* SOURCE DATA *
========
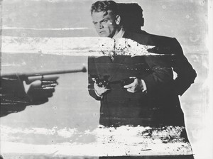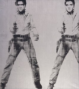 Warhol always aimed high and low, far and wide. Perhaps that nice raucous night extended to the similarly “terribly silkscreened” early Cagney. Perhaps, too, in the throes of his artistic jerk-off, he had in his mind the picture of a straight-backed Elvis, gun aimed in his line of sight, shaking and waiting for it to go off. The orgasm: the paintings’ reception, their purchases, their status as legend. A night to remember.
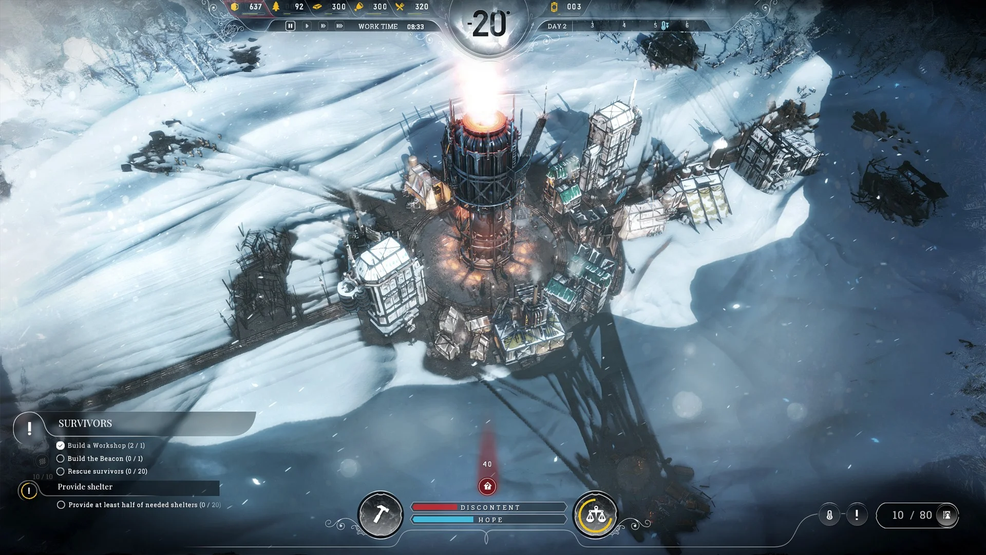 Frostpunk — это градостроительный симулятор с элементами стратегии и выживания общества, где без тепла нет жизни, а каждое решение имеет свою цену. В полностью промерзшем мире люди разрабатывают паровые машины, чтобы противостоять невыносимому холоду. Вам предстоит построить последний город на земле и обеспечить свой народ средствами выживания.
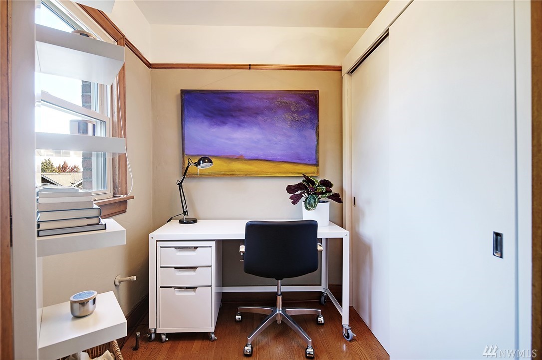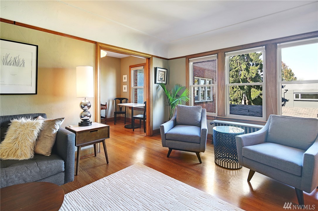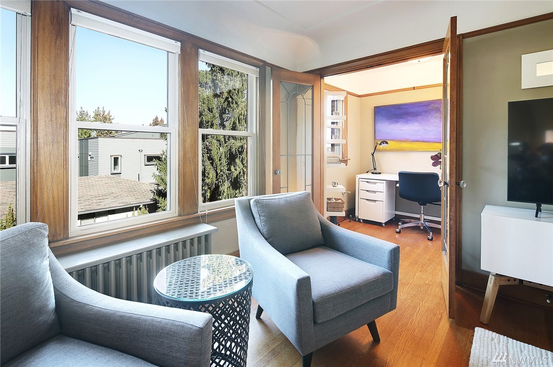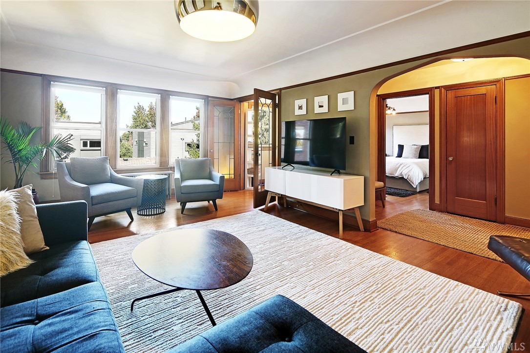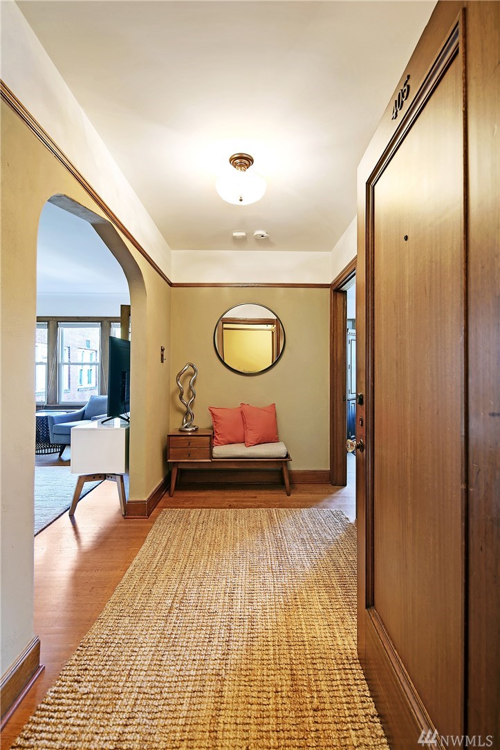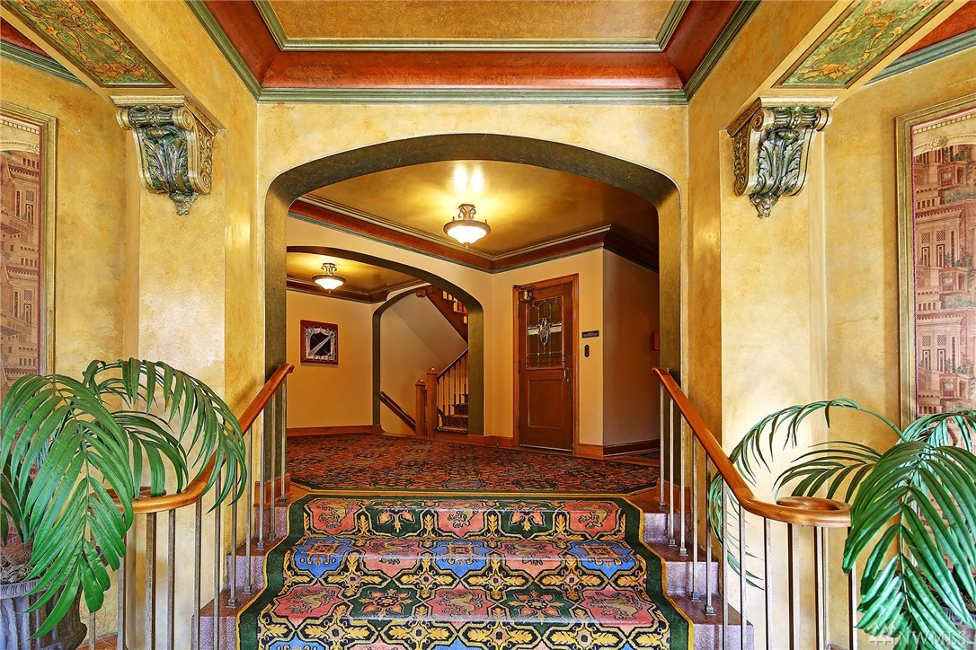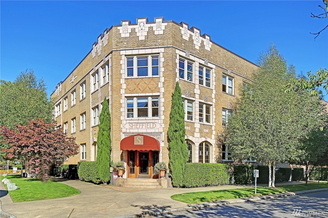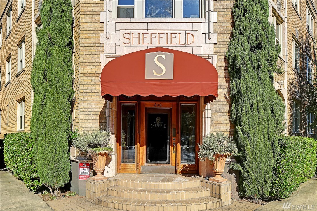 Warm & sophisticated top-floor unit at The Sheffield fuses period charm with modern convenience. Hardwood floors, coved ceilings & leaded glass French doors make the perfect backdrop for modern furniture & artwork, creating the ultimate urban aesthetic. Spacious layout offers formal entry, grand living room, updated kitchen & dining nook, separate den (w/bonus closet), generous bedroom, and classic black-&-white bath. Secure parking, storage & in-unit W/D included. Pet friendly, no rental cap.
========
* PROBLEM REQUIREMENTS *
Restate the whole listing word for word. Omit the pictures.

* EXERCISE OUTPUT *
 Warhol always aimed high and low, far and wide. Perhaps that nice raucous night extended to the similarly “terribly silkscreened” early Cagney. Perhaps, too, in the throes of his artistic jerk-off, he had in his mind the picture of a straight-backed Elvis, gun aimed in his line of sight, shaking and waiting for it to go off. The orgasm: the paintings’ reception, their purchases, their status as legend. A night to remember.
 Frostpunk — это градостроительный симулятор с элементами стратегии и выживания общества, где без тепла нет жизни, а каждое решение имеет свою цену. В полностью промерзшем мире люди разрабатывают паровые машины, чтобы противостоять невыносимому холоду. Вам предстоит построить последний город на земле и обеспечить свой народ средствами выживания.
 Warm & sophisticated top-floor unit at The Sheffield fuses period charm with modern convenience. Hardwood floors, coved ceilings & leaded glass French doors make the perfect backdrop for modern furniture & artwork, creating the ultimate urban aesthetic. Spacious layout offers formal entry, grand living room, updated kitchen & dining nook, separate den (w/bonus closet), generous bedroom, and classic black-&-white bath. Secure parking, storage & in-unit W/D included. Pet friendly, no rental cap.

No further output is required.